1st Source Information Specialists
U.S. Rep. Fred Upton (R-Kalamazoo, Michigan), chairman of the Energy and Commerce Subcommittee on Telecommunications and the Internet, expressed concern over the easy access to personal mobile phone records on the Internet during Wednesday's E&C Committee hearing on "Phone Records For Sale: Why Aren't Phone Records Safe From Pretexting?" Illinois became the first state to sue an online records broker when Attorney General Lisa Madigan sued 1st Source Information Specialists, Inc., on 20 January, a spokeswoman for Madigan's office said. The Florida-based company operates several Web sites that sell mobile telephone records, according to a copy of the suit. The attorneys general of Florida and Missouri quickly followed Madigan's lead, filing suit on 24 January and 30 January, respectively, against 1st Source Information Specialists and, in Missouri's case, one other records broker - First Data Solutions, Inc.
Several wireless providers, including T-Mobile, Verizon, and Cingular filed earlier lawsuits against records brokers, with Cingular winning an injunction against First Data Solutions and 1st Source Information Specialists on January 13. U.S. Senator Charles Schumer (D-New York) introduced legislation in February 2006 aimed at curbing the practice. The Consumer Telephone Records Protection Act of 2006 would create felony criminal penalties for stealing and selling the records of mobile phone, landline, and Voice over Internet Protocol (VoIP) subscribers.
Patricia Dunn, former chairwoman of Hewlett Packard, reported that the HP board hired a private investigation company to delve into who was responsible for leaks within the board. Dunn acknowledged that the company used the practice of pretexting to solicit the telephone records of board members and journalists. Chairman Dunn later apologized for this act and offered to step down from the board if it was desired by board members. Unlike Federal law, California law specifically forbids such pretexting. The four felony charges brought on Dunn were dismissed.
In popular culture
In the film Hackers, the protagonist used pretexting when he asked a security guard for the telephone number to a TV station's modem while posing as an important executive.
In Jeffrey Deaver's book The Blue Nowhere, social engineering to obtain confidential information is one of the methods used by the killer, Phate, to get close to his victims.
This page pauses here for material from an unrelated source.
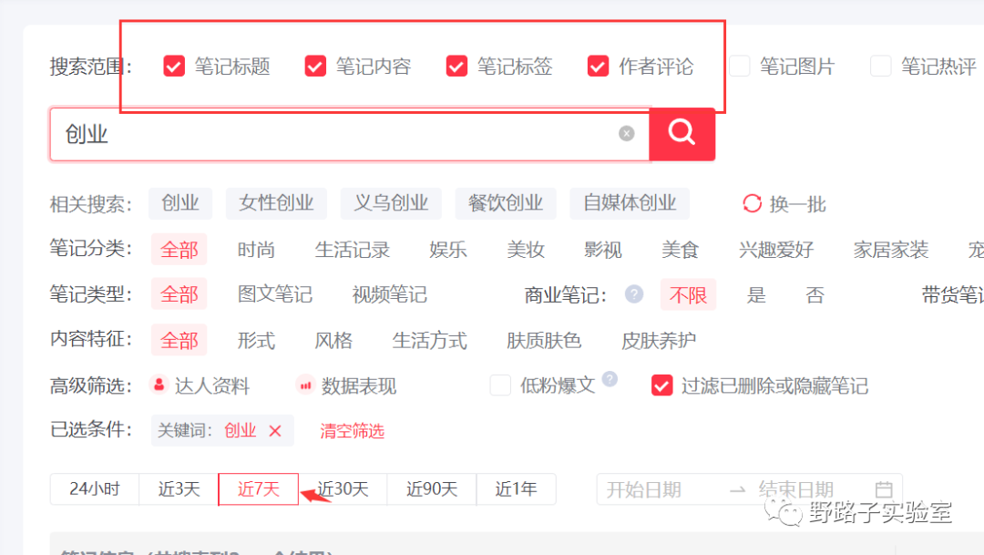 我拿灰豚举例,用笔记搜索关键词,例如"创业"关键词,可以筛选搜索精准的关键词范围,然后选择近期时间,24小时或者3天内的笔记

In the movie Live Free or Die Hard, Justin Long is seen pretexting that his father is dying from a heart attack to have a On-Star Assist representative start what will become a stolen car.
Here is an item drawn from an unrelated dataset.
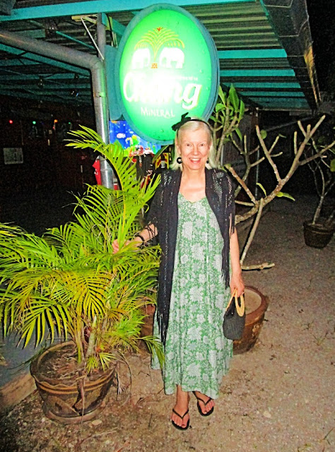 Här har jag stått många gånger, vid Chang-skylten!Middag på trevliga Ranchen.Klänning Indiska, 2022.

In the movie Sneakers, one of the characters poses as a low level security guard's superior in order to convince him that a security breach is just a false alarm.
In the movie The Thomas Crown Affair, one of the characters poses over the telephone as a museum guard's superior in order to move the guard away from his post.
In the James Bond movie Diamonds Are Forever, Bond is seen gaining entry to the Whyte laboratory with a then-state-of-the-art card-access lock system by "tailgating". He merely waits for an employee to come to open the door, then posing himself as a rookie at the lab, fakes inserting a non-existent card while the door is unlocked for him by the employee.
In the television show Rockford Files, The character Jim Rockford used pretexting often in his private investigation work.
This report noticed about security and show examples and methods of social engineering. Social security is necessary part of any company or person. Your money safety is depends on your wariness. Company’s security depends on personnel social security.